If she’s right – and I very much hope she is – it’s why what Perry has to say is so hopeful. Because it begins to suggest that religious faith is slowly beginning to be accepted back into polite society. Whisper it softly, it might even become a cultural norm. If Richard Dawkins can describe himself as a “cultural Christian” and the historian Tom Holland, in his book Dominion, can claim that Christianity is the entire foundation of western civilisation, then there is everything to play for. And, indeed, write for. 

It’s not as if cathedral frolics and the revelation of Jesus’s wife in Leonardo’s Last Supper was anything other than a fictional diversion of post-modernism. Religion and specifically Christianity had been a staple of the novel in English.  

I hesitate to mention their names in the same column as the authors above (including me, most obviously), but Graham Greene’s exposition of Catholic guilt in The End of the Affair and Evelyn Waugh’s of the impossibility of moral reformation in Brideshead Revisited are probably the best religious novels of the twentieth century. 

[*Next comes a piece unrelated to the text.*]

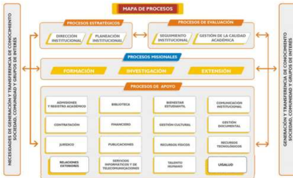
Figura 2. Mapa de Procesos

La Universidad Industrial de Santander está organizada por procesos: de apoyo, misionales, estratégicos y de evaluación.

Further back towards the birth of the English novel, the Reverend Edward Casaubon in George Eliot’s Middlemarch is perhaps the most tragic portrait of a clergyman who is neither evil nor silly. He stand as a warning from history to today’s Church of England. 

And it’s to that, the established Church, that Perry’s remarks ultimately turn our attention. We’re told that there has been a five per cent spike in church attendance recently, but that of itself isn’t sufficient to suggest a renaissance in our religious culture. Our arts and culture will only ever really reflect what we care about. 

Perry’s observation that faith is no longer a dirty word in publishing might yet suggest a reawakening of serious concern for its observation. If so, that’s good news for the religious, as well as for religious authors. And I might just get a sequel out of it.